Step 2: Installation

Clone the reference project to your computer (or Colab/Cloud environment) and install it:

bash git clone https://github.com/naholav/rag-academic-assistant cd rag-academic-assistant pip install -r requirements.txt Note: The system uses the ChromaDB vector database and the Qwen model by default.

Step 3: Experimental Optimization (Critical Stage)

Using the “Interactive Parameter Exploration” section in the guide document as a reference, you must find the best settings for your own data. You are required to conduct the following 3 experiments and report the results:

🧪 Experiment A: Chunking Strategy

Test which size works better by dividing your texts into different sizes:

Small Chunk (200-400 tokens): For precise definitions and short answers.

Large Chunk (1000+ tokens): For complex topics requiring broad context.

Optimal: Generally, 800 tokens and 150 overlap are recommended; what is the situation with your data? .

Identify a question containing technical terms specific to your sector (e.g., “What is the performance of OCR-Qwen-32B?”).

Semantic Only (Weight 1.0): Performs meaning-based search.

Keyword Only (Weight 1.0 - BM25): Performs exact word matching.

Hybrid (Recommended): 70% Semantic + 30% Keyword. Which method found the correct page?

🤖 Experiment C: Accuracy Test (RAG vs Pure LLM)

Ask the model for a very specific piece of information found in your document.

Scenario 1 (Pure LLM): The model’s answer when RAG is off (Usually “I don’t know” or a hallucinated answer) .

Scenario 2 (RAG): The answer provided when RAG is on, including citations .


📦 Deliverables

At the end of the project, you must prepare the following content:

GitHub Repository:

The PDF files you used. The working version of the project (if you made changes to the code).

Project Report (PDF):

Sector Definition: Which field did you choose? Parameter Table: The best settings you found for your data (Chunk Size, Overlap, Temperature, etc.). Evidence: Screenshots of the Q&A sessions obtained from Experiments A, B, and C.

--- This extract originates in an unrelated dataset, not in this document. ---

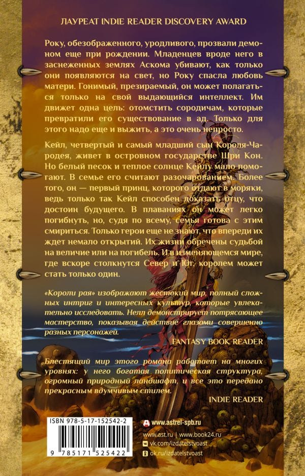 Року, обезображенного, уродливого, прозвали демоном еще при рождении. Младенцев вроде него в заснеженных землях Аскома убивают, как только они появляются на свет, но Року спасла любовь матери. Гонимый, презираемый, он может полагаться только на свой выдающийся интеллект. Им движет одна цель: отомстить сородичам, которые превратили его существование в ад. Только для этого надо еще и выжить, а это очень непросто. Кейл, четвертый и самый младший сын Короля-Чародея, живет в островном государстве Шри Кон. Но белый песок и теплое солнце Кейлу мало помогают. В семье его считают разочарованием. Более того, он — первый принц, которого отдают в моряки, ведь только так Кейл способен доказать отцу, что достоин будущего. В плаваниях он может легко погибнуть, но, судя по всему, семья готова с этим смириться. Только герои еще не знают, что впереди их ждет немало открытий. Их жизни обречены судьбой на величие или на погибель. И в изменяющемся мире, где вскоре столкнутся Север и Юг, королем может стать только один.

💡 Tips and Troubleshooting

Hardware: The code uses CUDA (GPU) by default. If you do not have a GPU, change the device setting to cpu, but answer generation may slow down.

OOM (Out of Memory): If you get a memory error:

Reduce the Chunk Size (e.g., 500).

Decrease the Candidates to Retrieve count (e.g., 10 instead of 20).

Temperature Setting: Temperature: 0.3 (More consistent) is recommended for technical documents. You can increase this value for creative writing tasks.